The August attack on the network of oil giant Saudi Aramco has now been attributed to a lone perpetrator, contradicting suspicions that a larger organisation or nation state was behind the virus.
The breach affected tens of thousands of computers at the company but failed to disrupt oil production. Yet the breach of such a high-level entity – the Saudi government-owned group is the largest oil company in the world – has seen extensive investigations into the source of the virus continue over recent months.
The finger of blame had been pointed at Iran by some anonymous US officials, but Bloomberg last night reported that the malicious software originated from a USB stick belonging to an Aramco employee now suspected of launching the attack. According to cyber detectives, the stick was inserted into a computer on the internal company network, spreading the malware which went on to destroy 55,000 computers.
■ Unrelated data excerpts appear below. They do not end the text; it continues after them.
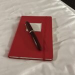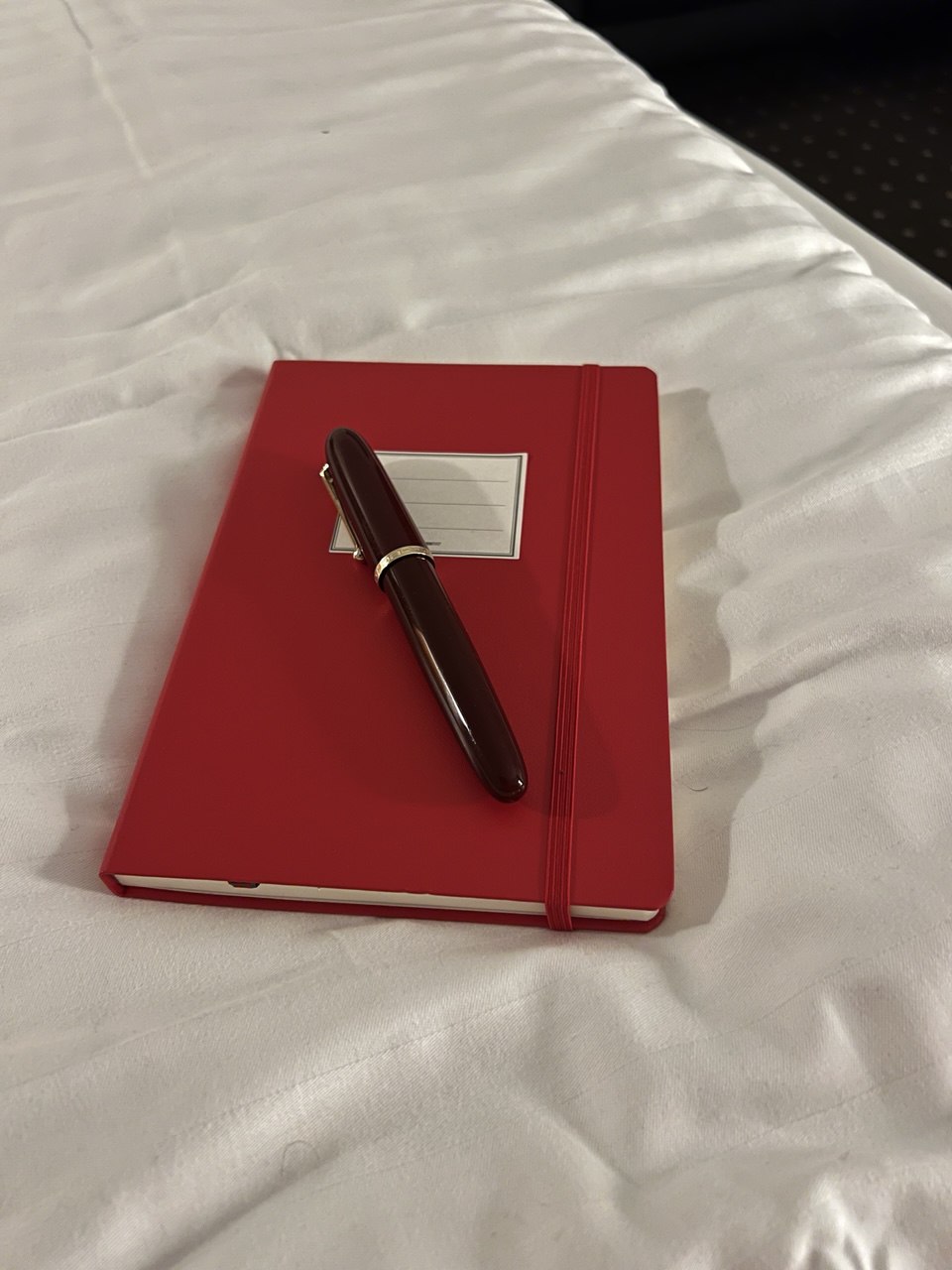 Kurz vorm schlafen liege ich mit einem neuen Notizbuch in einem Hotelbett.
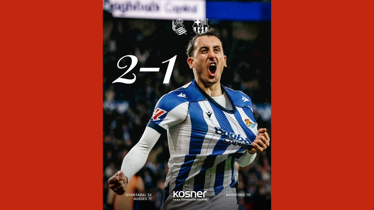 Tuan rumah berhasil membuka keunggulan melalui penyelesaian klinis Mikel Oyarzabal tepat pada menit ke-32 di babak pertama. Gol tersebut tercipta setelah sang kapten memanfaatkan celah kosong di lini pertahanan Barcelona yang tampak sedang sangat lengah.
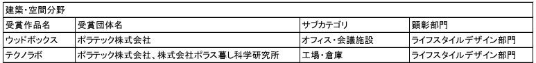 ポラスグループ(本社:埼玉県越谷市、代表取締役:中内 晃次郎)の木造施設「ウッドボックス」と、「テクノラボ」が、「ウッドデザイン賞2025」〈建築・空間分野 ライフスタイルデザイン部門〉を受賞しました。ウッドデザイン賞の受賞は4年連続11回目となります。

The virus’s code reportedly lacked the sophistication usually associated with the work of state-sponsored programmers, and though effective malware does not have to be extremely complex, an individual involved in the investigation told Bloomberg that the offending virus was strikingly amateurish.
The revelation provides a fresh twist to the aftermath of the attack, with Iran now potentially in the clear regarding its role in the incident. Many will be expecting a cyber-backlash from the Islamic Republic, having been the target of state-sponsored attacks from the US and Israel over recent years.
Security experts believe the proliferation of cyber warfare in the Middle East and beyond is running the risk of provoking nation states into creating separate, closed-off intranets to limit international communications over the web. Iran has already threatened such a move.